Here also we may see that it was a custom of great antiquity in the world, that men and women should have several names whereby they were called, and that for these three reasons:
I. That they might be differenced and distinguished from others.

II. That they might be stirred up to verify the meanings and significations of their names. Wherefore let every Obadiah strive to be a “servant of God,” each Nathanael to be “a gift of God,” Onesimus to be “profitable,” every Roger “quiet and peaceable,” Robert “famous for counsel,” and William “a help and defence” to many; not like Absalom, who was not a “father of peace,” as his name doth import, but a son of sedition; and Diotrephes, not “nursed by God,” as his name sounds, but puffed up by the devil, as it is 3 John 1:9.

III. That they might be incited to imitate the virtues of those worthy persons who formerly have been bearers and owners of their names. Let all Abrahams be faithful, Isaacs quiet, Jacobs prayerful, Josephs chaste; every Lewis pious, Edward confessor of the true faith, William conqueror over his own corruptions. Let them also carefully avoid those sins for which the bearers of the names stand branded to posterity. Let every Jonah beware of frowardness, Thomas of distrustfulness, Martha of worldliness, Mary of wantonness. If there be two of our names, one exceedingly good, the other notoriously evil, let us decline the vices of the one, and practise the virtues of the other. Let every Judas not follow Judas Iscariot, who betrayed our Saviour, but Judas the brother of James, the writer of the General Epistle; each Demetrius not follow him in the Acts, who made silver shrines for Diana, but Demetrius (3 John 1:12) who had a “good report of all men;” every Ignatius not imitate Ignatius Loyola the lame father of blind obedience, but Ignatius the worthy martyr in the primitive church. And if it should chance, through the indiscretion of parents and godfathers, that a bad name should be imposed on any, Oh let not “folly” be “with” them, because Nabal is their name; but in such a case let them strive to falsify, disprove, and confute their names. Otherwise, if they be good, they must answer them. In the days of Queen Elizabeth, there was a royal ship called “The Revenge,” which, having maintained a long fight against a fleet of Spaniards (wherein eight hundred great shot were discharged against her), was at last fain to yield; but no sooner were her men gone out of her, and two hundred fresh Spaniards come into her, but she suddenly sunk them and herself; and so “The Revenge” was revenged. Shall lifeless pieces of wood answer the names which men impose upon them, and shall not reasonable souls do the same? But of all names I pray God that never just occasion be given that we be christened “Ichabod,” but that the glory may remain in our Israel so long as the faithful Witness endureth in heaven.

Theme—THE SOJOURN IN MOAB

“Nos patriæ fines, et dulcia linguimus area;
Nos patriam fugimus.”—Virgil.

And they came into the country of Moab, and continued there.

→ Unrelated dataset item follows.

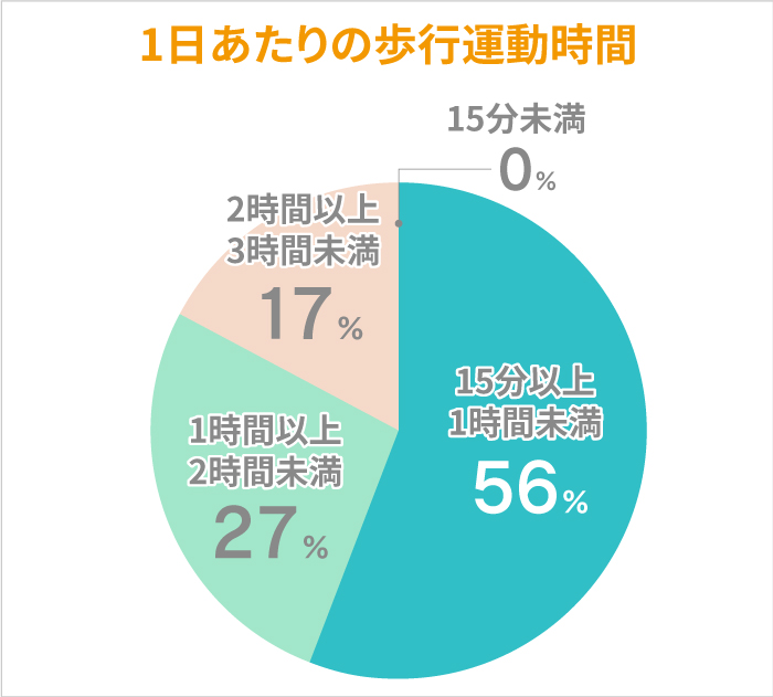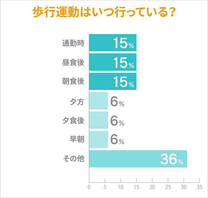 歩行運動を行っている時間は、「通勤時」「朝食後」「昼食後」が同率でいずれも15%、「早朝」「夕食後」「夕方」が同率で6%と、回答が分かれる結果となりました。その他の時間(食前、午前中、昼休み、外出時など)に行っている方も36%と、高い割合を占めていますので、ライフスタイルや身体の状態によって、歩行運動を行いやすい時間帯が違うようです。

In weighing human actions, difficult to say what is merely an error of judgment and what an error of heart. The former slides imperceptibly into the latter. We take a false step—pride prevents our retracing it, habit comes in to perpetuate the mistake. Thus folly becomes sin and the cause of sin. Elimelech not to be severely condemned in that, driven by stress of famine, he went down to Moab. Very human this. What of his continuing there?

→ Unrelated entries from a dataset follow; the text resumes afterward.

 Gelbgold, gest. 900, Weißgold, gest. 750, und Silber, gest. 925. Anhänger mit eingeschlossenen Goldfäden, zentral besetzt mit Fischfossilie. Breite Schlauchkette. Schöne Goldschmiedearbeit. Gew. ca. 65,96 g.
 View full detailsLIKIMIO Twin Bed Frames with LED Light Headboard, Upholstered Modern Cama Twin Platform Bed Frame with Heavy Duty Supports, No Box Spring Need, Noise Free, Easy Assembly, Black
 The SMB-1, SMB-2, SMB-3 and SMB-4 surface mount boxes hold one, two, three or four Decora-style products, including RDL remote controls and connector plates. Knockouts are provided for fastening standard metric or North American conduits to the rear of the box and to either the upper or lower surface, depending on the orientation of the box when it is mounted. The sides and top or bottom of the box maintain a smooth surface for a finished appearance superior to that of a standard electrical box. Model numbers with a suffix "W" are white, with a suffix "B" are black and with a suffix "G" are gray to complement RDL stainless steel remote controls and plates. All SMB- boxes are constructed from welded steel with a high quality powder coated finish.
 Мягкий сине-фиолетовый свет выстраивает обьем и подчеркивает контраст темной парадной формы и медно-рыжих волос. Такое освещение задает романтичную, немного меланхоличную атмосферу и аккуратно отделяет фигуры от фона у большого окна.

After all, a man must be judged by the standard of his own times. This would in some measure condemn Elimelech. [Jewish expositors do so almost unanimously.] The land given to Israel to inhabit, under special circumstances, with special promises (Deuteronomy 28). Would not the true Israelite have heard the call “to return” sounding in his ears continually? May we not say at least what was not of faith was of sin? Note. An error generally, though on the side of charity, when we impute the broad catholicity of Christianity to these early Jews. The traditions of his people, national feeling, education, all that distinguished the true Israelite, against this journey and sojourn. But he broke through all. Does not seem to have had any fear of dwelling among an idolatrous nation.

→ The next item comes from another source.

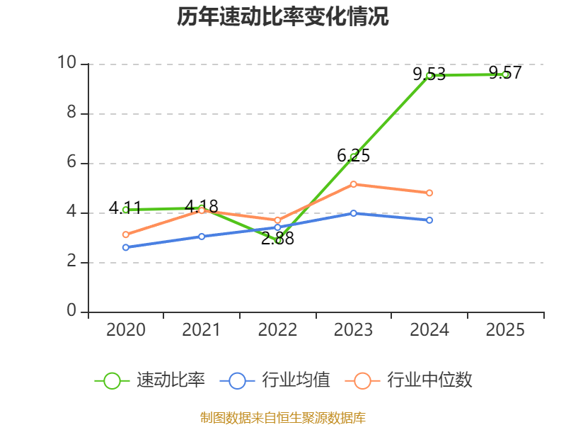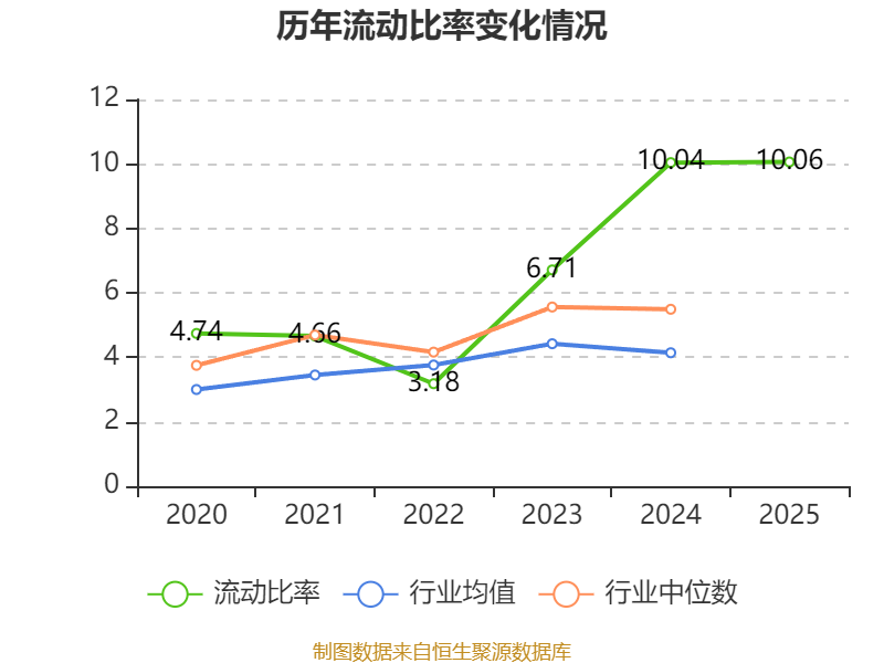 2025年,公司流动比率为10.06,速动比率为9.57。

The danger subtle, unseen, often unrealized, but as often deadly. Malarias are dangerous just because they do not address themselves to any of the senses.
Notice—

I. That the present choice may influence all the after life.

A mistake to put Elimelech outside the pale of ultimate salvation. But short of this, much which is instructive.
(a) A man’s error may be foolish without being final. Seems to be so here. The first of a succession of disasters. Peter’s denial a better example. So with the disciple’s cowardice, Jonah’s fleeing to Tarshish, etc.

(b) But a tendency in one false step to lead to a second, to a continuance in folly. Peter’s first denial led to a second, to a third. Here, journeying to Moab ends in dwelling there. Elimelech went to sojourn for awhile, the same reason led him to continue. The first temptation was to go, the second would naturally be to remain. Note. Habit makes the sin of the past theeasily besetting sin.” Lot lingered in Sodom; what wonder he afterwards lingered in Zoar? (Genesis 19:16; Genesis 19:19).

II. That after a false step in life, God’s mercies are not wholly denied us.

Elimelech was protected in journeying. The Moabites seem to have received him and his family with great kindness (cf. Deuteronomy 23:3, as shewing it might have been otherwise). Good also out of what may have been evil, in the case of Ruth.

(a) Divine providences seem to descend to our human levels. Follow even into Moab. God does not forsake His children in the hour of their folly. More strange still, the wicked are provided for in the midst of their wickedness (Matthew 5:45). Households which have become careless and godless have some place of refuge opening to them in the hour of need. We fail to embrace the wise guidance offered to-day; His hand is stretched out again on the morrow. Step by step we descend lower and still lower in the way of moral rectitude; His gospel can meet us in the last hour with the offers of salvation and mercy. Note. This should give no encouragement to men in going towards Moab, but may save us from despair if we are there. The folly which sins that grace may abound possibly finds a warning in the context.

(b) Men condemn, and so think themselves justified in neglecting; it is not so with God.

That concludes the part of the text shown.